During a recent panel discussion regarding the regulation of laboratory-developed tests (LDTs), Elizabeth Mansfield, Deputy Director for Personalized Medicine at FDA, announced that FDA will be increasingly focused on what she called “complementary diagnostics.”
This category of tests will be distinct from companion diagnostics in that they will provide additional information about how a drug might be used, or whether someone should receive a class of drugs, rather than being required for the safe and effective use of a drug.
This new category was described by Mansfield as being part of FDA’s proposed framework for regulating LDTs (although a search of the proposed framework reveals no mention of the term “complementary diagnostics”).
This is a challenging distinction for me to understand. I struggle to think of a scenario where a test would be performed that provides information that isn’t relevant to the safe and effective use of a drug.
I think about the cytochrome p450s as a class of biomarkers that could fit into this category, and indeed it would be nice to categorize them at some point, because currently they sit in a no-man’s land of personalized medicine. There is not strictly speaking a companion diagnostic test for these biomarkers, at least by FDA’s use of the term, but they are included in drug labels with clear guidelines for people that carry mutations in them.

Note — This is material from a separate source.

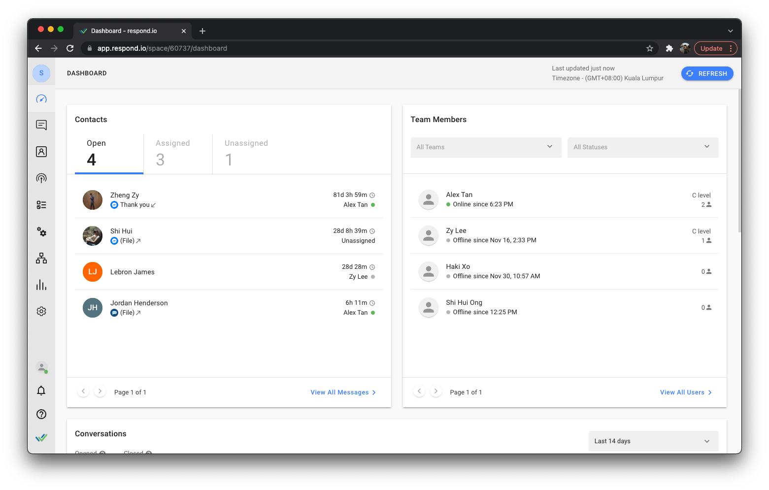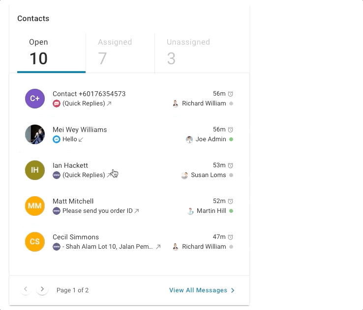 This widget will list all Contacts with an open conversation. Each Contact will show the display avatar, name, last message sent/received, duration since the conversation was opened and Contact assignee if available. This list is sorted by conversation duration, from longest to shortest.

Let’s take CYP2D6 as an example. The drug labels for 40 drugs (the most of any biomarker) recommend testing for mutations that can make people slow metabolizers of those drugs, and yet there is not a specific requirement to have patients tested prior to prescribing the drugs.
If the science is unsettled on potential toxicities to slow metabolizers (and reimbursement variability for CYP2D6 testing would imply that it is), then perhaps this is the type of test that would fall under FDA’s concept of a complementary diagnostic.
I look forward to FDA’s description of this category of test to see if it reduces or adds to confusion around how biomarkers in drug labels should be used.